Karal laughed. “Oh, no, not at all! She appointed a number of friends of hers among the former Black-robes to find them in the archives!”
“Don’t tell me—” Rubrik said quickly, holding up his free hand. “One of the places where she used to spend a lot of her free time was the archives, right? And I already know that she is a linguist and a scholar and can read all the oldest records for herself. So that was how she just happened to know that the ‘old ways’ weren’t exactly the same as your current—what did you call it?”
“The Writ and Rule.” Karal shrugged. “I don’t know, but does it really matter? The point is that she knew that there was a record of the old ways in the archives, and everything we found confirmed or added to what she had already declared. Ulrich was one of the former Black-robes she assigned to the archives, and since I was his secretary, I worked beside him.”
The serving-girl came to clear away their empty plates, refill their cups, and bring them a dessert of fruit and cheese. Rubrik said nothing while she was there, and spent some time carefully cutting up an apple without continuing the conversation. “None of this ever got to Valdemar,” he said at last. “We only heard that there had been some disturbance, and that suddenly the ruler of Karse was a woman. Then we learned nothing at all for a year or two.” He looked up from his apple dissection, and cocked an eyebrow at Karal. “Is there any connection between your Solaris and the other woman that called herself ‘the Prophet of Vkandis’ about ten or fifteen years ago? The one that decided she was going to be the head of your army and damn near got herself a big chunk of Menmellith?”
Karal shook his head. “No—and in fact, that woman is the reason the original Crown of Prophecy went missing. It was lost with her when she vanished.”
No point in getting into that; the story was much too complicated. And if Rubrik did not know the part of Solaris’ story that his own countrywoman Talia figured so prominently in—he wasn’t as well-informed as Karal had thought.
Rubrik ate his apple thoughtfully. “I can’t imagine that the rest of your priesthood just rolled over like cowed dogs and let Solaris rule as she wanted.”
Indeed
they
didn’t
, Karal thought quietly. But this was one of the subjects Ulrich had instructed him to say nothing about. There had been a great deal of opposition to Solaris’ new Writ and Rules, and to her decrees as well. Not only from the Priests, either.

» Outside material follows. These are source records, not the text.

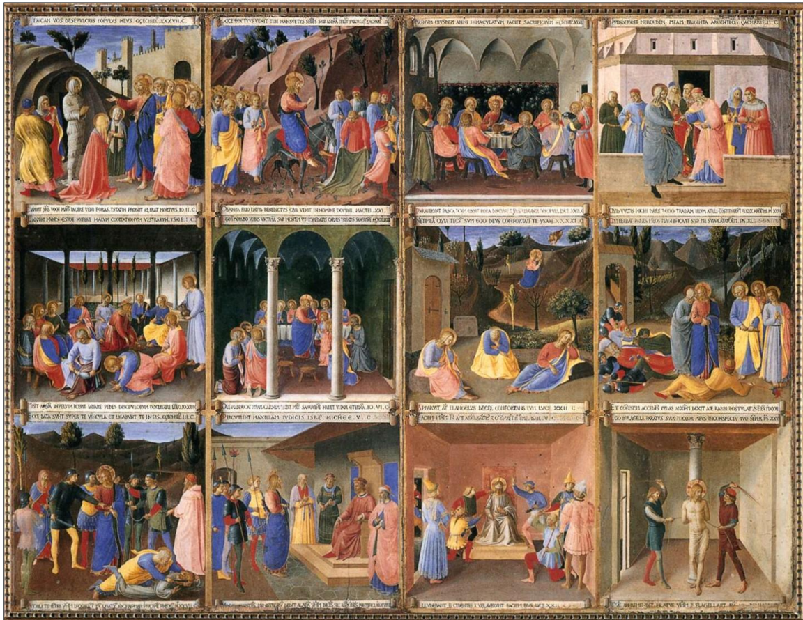
ANGELICO, Fra, Scenes from the Life of Christ, 1451-52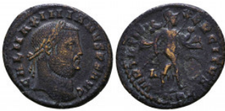
783 Maximianus. A.D. 286-305. Æ Follis. Reference: Condition: Very Fine Weight: 7.5 gr Diameter: 27 mm 1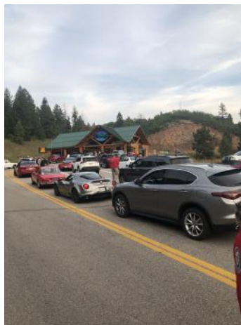
Toll booth traffic jam

contestants were split into randomly chosen teams of six. Spouses were encouraged to join separate teams. The rest was typical scavenger hunt fare, except that three pubs along our route were included for R&R.

There had been plenty of people in Karse who liked the corrupt ways very much indeed. A number of the highly born resented the intrusion of the Priests into areas of governance they had always considered their private preserve. There had been a kind of understanding between the Priests and some of the nobles that certain—excesses—would be ignored if gifts “to the Temple” were valuable enough. There had been Priests who were as corrupt as some of those nobles; they had shared in those excesses.
Solaris put an end to those “understandings.” And an end to the slave trade, to a profitable market in deadly intoxicants, and a number of other unsavory trades that had been ignored or even given tacit sanction by the Priests.
This did not earn her friends in some quarters.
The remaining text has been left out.